Dutch architecture firm OMA is to transform a set of four warehouses on Dubai's Alserkal Avenue into a multi-purpose venue for cultural events.
The new space, which is expected to open later this year, will be OMA's first ever built project in Dubai.
The project aims to provide the Alserkal Avenue area with a location to host large-scale public events, art exhibitions, performances and conferences.
The building's entrance will feature full-height transparent sliding doors, echoing the firm's design for the Garage Museum of Contemporary Art in Moscow, completed last year. OMA is also using a huge sliding door for The Factory theatre and Arts venue in Glasgow, Scotland.
The rest of the existing exterior shell of the Alserkal Avenue project will be wrapped with a spray-on concrete.
Inside, four eight-metre-high moveable walls will rotate and slide to allow for different configurations depending on the type of event.
OMA were brought on board to design the space in order to provide the area with a "home" for cultural events and to encourage more creative talent to gravitate towards the avenue.
"We selected OMA to design our new project space because they share our commitment to bold ideas and experimentation," said Abdelmonem Bin Eisa Alserkal, Founder of Alserkal Avenue.
"Their design provides us with a new home for arts and culture programming, and enables us to take even greater risks as we look towards the future," he added.
Alserkal Avenue is located in the Al Quoz neighbourhood, which is becoming one of the region's foremost arts and culture districts.
Since the avenue was established in 2007, it has become home to a community of contemporary art galleries and alternative art spaces, as well as design, media and industrial studios.

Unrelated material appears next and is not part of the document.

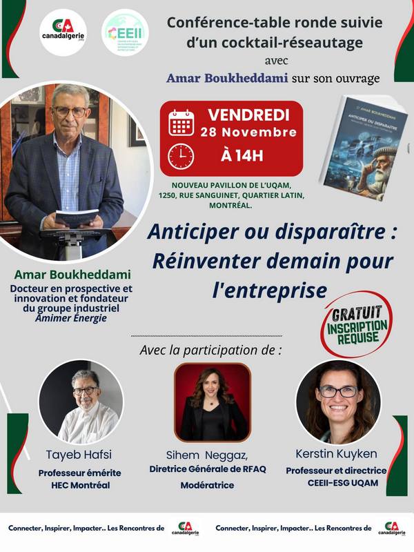 Canadalgerie.info, en partenariat académique avec le Centre d’études en entrepreneuriat international et interculturel (CEEII-UQAM), vous convie à une conférence-table ronde stratégique réunissant des experts de haut niveau.

"We are witnessing growing demand from the international art scene within the regional arts landscape," said director of Alserkal Avenue Vilma Jurkute. "Alserkal Avenue has always pushed the potential for the art scene; the space will offer a new opportunity to facilitate a closer dialogue between east and west while strengthening the infrastructure for the arts locally."
The United Arab Emirates city is currently undergoing a wave of development following its recovery from the 2008 financial crisis, and in the space of three years has started two annual trade fairs, opened a dedicated design district and hosted its inaugural design week.
Cyril Zammit, director of design for Art Dubai – the organisation that has spearheaded the series of new design fairs and festivals in the city – has ambitious plans to make the design week bigger than its equivalent in London by the time Dubai hosts the 2020 Expo, less than five years away.
"Dubai Design Week is a response to an increasing presence and role of design in the city, as part of a wider cultural development," said Zammit.
OMA is the latest in a string of leading architects to design a building in Dubai, with others including Zaha Hadid, Jean Nouvel, and UNStudio.
The firm is also working on a new department store that will occupy a converted Venice palazzo, and is transforming a 19th-century structure in Paris into a gallery and art studio for department store Galeries Lafayette.